DIRECTIONS:
Your job with the data below is to output exactly the lines from the one holding "2023年5月13-14日,国家发展和改" down to the one holding "Here I've created", both included, and no others.

DATA SECTION:
........

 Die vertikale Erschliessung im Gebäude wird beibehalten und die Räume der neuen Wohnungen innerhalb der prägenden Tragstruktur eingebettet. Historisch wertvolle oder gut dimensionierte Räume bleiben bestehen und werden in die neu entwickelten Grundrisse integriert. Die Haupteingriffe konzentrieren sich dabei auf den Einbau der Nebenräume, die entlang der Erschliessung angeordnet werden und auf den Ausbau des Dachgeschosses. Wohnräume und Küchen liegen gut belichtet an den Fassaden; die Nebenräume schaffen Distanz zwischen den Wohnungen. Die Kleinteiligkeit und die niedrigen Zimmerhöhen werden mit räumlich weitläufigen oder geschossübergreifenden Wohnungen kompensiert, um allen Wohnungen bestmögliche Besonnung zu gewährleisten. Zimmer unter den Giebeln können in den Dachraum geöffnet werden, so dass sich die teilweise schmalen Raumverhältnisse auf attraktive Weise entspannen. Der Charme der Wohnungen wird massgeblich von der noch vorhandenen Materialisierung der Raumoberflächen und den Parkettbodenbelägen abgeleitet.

........

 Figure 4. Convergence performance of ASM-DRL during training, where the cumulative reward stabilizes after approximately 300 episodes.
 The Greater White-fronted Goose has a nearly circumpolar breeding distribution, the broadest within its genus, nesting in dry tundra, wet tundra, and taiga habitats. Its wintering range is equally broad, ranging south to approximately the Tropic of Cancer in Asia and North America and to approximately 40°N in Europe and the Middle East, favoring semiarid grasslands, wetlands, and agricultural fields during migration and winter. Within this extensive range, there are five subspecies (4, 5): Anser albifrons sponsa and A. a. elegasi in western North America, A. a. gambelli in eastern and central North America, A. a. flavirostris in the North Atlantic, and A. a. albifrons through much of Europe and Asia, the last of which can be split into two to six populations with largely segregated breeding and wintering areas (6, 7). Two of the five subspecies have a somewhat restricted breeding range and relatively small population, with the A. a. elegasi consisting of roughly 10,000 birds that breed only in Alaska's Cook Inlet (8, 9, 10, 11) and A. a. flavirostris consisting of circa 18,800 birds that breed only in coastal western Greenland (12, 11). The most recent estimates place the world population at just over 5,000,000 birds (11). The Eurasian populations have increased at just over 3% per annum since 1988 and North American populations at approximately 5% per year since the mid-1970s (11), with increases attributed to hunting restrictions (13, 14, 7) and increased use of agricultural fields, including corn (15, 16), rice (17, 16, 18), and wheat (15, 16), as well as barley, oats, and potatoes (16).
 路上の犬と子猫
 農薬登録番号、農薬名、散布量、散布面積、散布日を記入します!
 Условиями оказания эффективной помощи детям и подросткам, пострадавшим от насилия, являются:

........

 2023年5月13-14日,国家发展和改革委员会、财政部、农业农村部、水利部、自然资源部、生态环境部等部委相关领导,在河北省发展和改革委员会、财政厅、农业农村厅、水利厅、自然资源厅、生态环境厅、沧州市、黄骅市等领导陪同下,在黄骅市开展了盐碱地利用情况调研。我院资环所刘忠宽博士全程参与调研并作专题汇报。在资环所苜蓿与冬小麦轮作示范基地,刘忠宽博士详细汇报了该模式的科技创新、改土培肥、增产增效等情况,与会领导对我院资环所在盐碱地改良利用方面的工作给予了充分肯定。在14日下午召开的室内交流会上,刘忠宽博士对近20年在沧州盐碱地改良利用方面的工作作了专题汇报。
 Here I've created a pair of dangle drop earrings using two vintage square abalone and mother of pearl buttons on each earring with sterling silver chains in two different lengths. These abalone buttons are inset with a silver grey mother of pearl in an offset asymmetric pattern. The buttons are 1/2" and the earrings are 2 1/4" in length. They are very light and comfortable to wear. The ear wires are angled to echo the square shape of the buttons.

........

SOLVED EXERCISE:
 2023年5月13-14日,国家发展和改革委员会、财政部、农业农村部、水利部、自然资源部、生态环境部等部委相关领导,在河北省发展和改革委员会、财政厅、农业农村厅、水利厅、自然资源厅、生态环境厅、沧州市、黄骅市等领导陪同下,在黄骅市开展了盐碱地利用情况调研。我院资环所刘忠宽博士全程参与调研并作专题汇报。在资环所苜蓿与冬小麦轮作示范基地,刘忠宽博士详细汇报了该模式的科技创新、改土培肥、增产增效等情况,与会领导对我院资环所在盐碱地改良利用方面的工作给予了充分肯定。在14日下午召开的室内交流会上,刘忠宽博士对近20年在沧州盐碱地改良利用方面的工作作了专题汇报。
 Here I've created a pair of dangle drop earrings using two vintage square abalone and mother of pearl buttons on each earring with sterling silver chains in two different lengths. These abalone buttons are inset with a silver grey mother of pearl in an offset asymmetric pattern. The buttons are 1/2" and the earrings are 2 1/4" in length. They are very light and comfortable to wear. The ear wires are angled to echo the square shape of the buttons.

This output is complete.